Figure 1.  Overview of Gemini Lite's Architecture
Windows NT forces each process linked with the DLL to call the DllMain() function in the DLL when the process and its threads are created and when they exit [19]. The Gemini Lite DLL uses this property to obtain handles to each debuggable thread (i.e., a thread in a process linked with the DLL) by having the thread store a handle to itself in the shared memory area of the DLL. DllMain also has each thread set its unhandled exception filter to a routine inside the DLL. This exception filter is used to catch breakpoint and single step exceptions, which would typically not be caught by the application. All other exceptions that are caught by this handler are sent back to Windows NT to resolve, although they could just as easily be handled by the debugger and reported to the user.

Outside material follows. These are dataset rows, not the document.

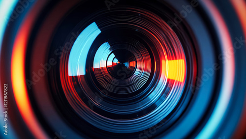 A vibrant, abstract front view close-up of a camera lens, a dynamic interplay of colors and reflections. Concept of high technology, television or film production, video shooting, movie industry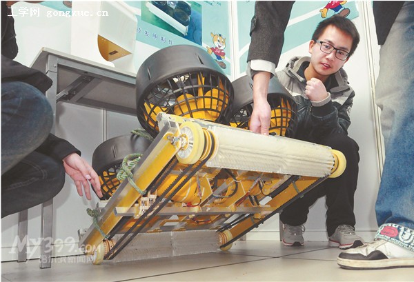昨天,哈尔滨工程大学第十九届“五四杯”大学生学术科技创新大赛决赛展开,赛事旨在培养大学生的创新意识与实践能力。图为参赛的复合吸附式船体清刷机器人。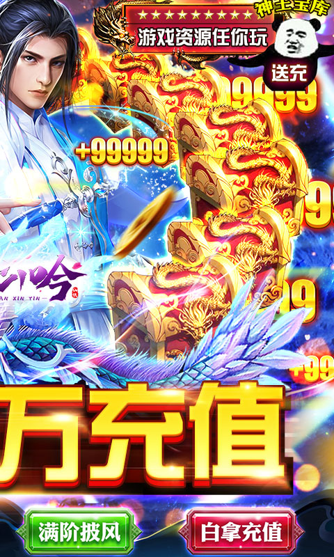 2、上线壕礼:上线送满级仙帝,88W绑元,2亿铜币、0氪白拿万元充值卡礼包,可激活累充活动!
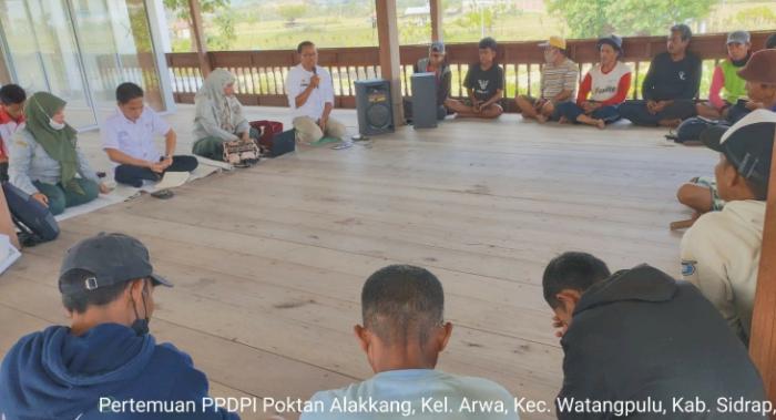 Pada saat kunjungan ke lokasi diadakan pertemuan kelompok/sosialisasi terkait rencana pelaksanaan kegiatan PPDPI yang dihadiri oleh perwakilan dari Ditlin TP, UPTD. BPTPH Sulsel, Kepala IP3OPT Wilayah V Pinrang, Kadis pertanian Kab. Sidrap, Koord POPT Kab. Sidrap, BPP Watangpulu, petugas pendamping PPL/POPT, tokoh masyarakat dari kelurahan Uluale dan Arawa, serta anggota kelompok tani Alakkang. Pada pertemuan sosialisasi dibahas mengenai penelusuran budidaya pertanian di lokasi kegiatan, kondisi iklim di lokasi setempat, dan jenis penanganan kekeringan yang akan diterapkan.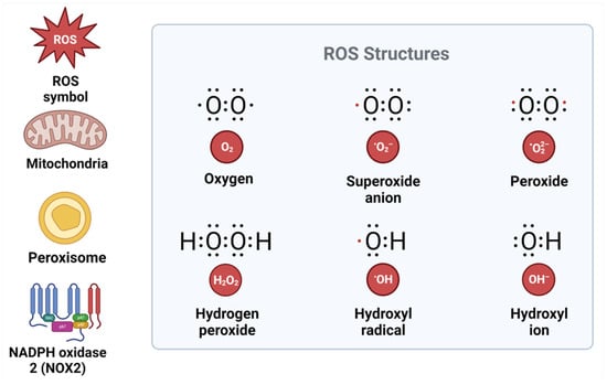 Structure of reactive oxygen species and their sources. ROS, reactive oxygen species; NADPH, nicotinamide adenine dinucleotide phosphate; NOX2, NADPH oxidase.

The debugger itself is just another user process that can call routines inside the DLL that implement its functions. These routines are exported to all processes, not just the debugger, and this architecture makes it possible for processes to call debugger routines when they hit breakpoints, which will be discussed in detail below.
 

Shared Memory in the DLL

The shared memory area of the DLL contains data that must be shared between the debugger and the user processes. The data structures must be statically allocated at compile time because any memory dynamically allocated by one process would not be in the address space of other processes, including the debugger. Furthermore, there is no guarantee that the DLL will be mapped to the same address space in each user process, so any traditional data structure that uses pointers (e.g., linked lists or hash tables) is not suitable for the DLL. Array-based hash tables, lists, and queue template classes were defined to hold the shared data.

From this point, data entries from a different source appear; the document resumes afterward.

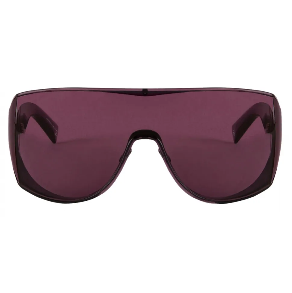 GVisible unisex sunglasses with mask frame in clear purple injected acetate, purple lenses with 180-degree vision, metal nose pads and raised GIVENCHY signature on the temples. UV protection rating 2. Sunglasses come in a hard case.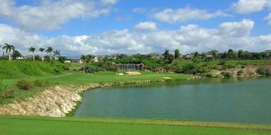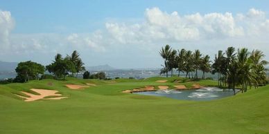 Located west of Pearl Harbor in sunny Kapolei, the par-72 championship layout is beautifully landscaped with floral gardens, thousands of coconut palms and five expansive lakes. Architect Ted Robinson, who is known for his creative use of water, moved massive amounts of dirt to create the lakes and to provide elevation and contouring for the course. The beautiful lakes come into play on 12 holes and in addition to being aesthetically pleasing, serve an important environmental function, catching storm run-off from the surrounding terrain.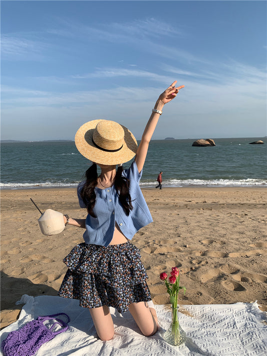 CGE5277-120B 百搭方領針織上衣+碎花小短裙套裝

The data structures contained in the shared memory area include:

  1. Information about each process registered with the DLL (e.g., pid and creation time)
  2. Information about each thread registered (e.g., thread id, handle to the thread, state of the thread)
  3. Information about each breakpoint set (e.g., process in which it’s set, address, commands to run when hit)
  4. A queue that contains messages generated from functions in the DLL to be displayed by the debugger.
These data structures are protected by mutexes to ensure correctness.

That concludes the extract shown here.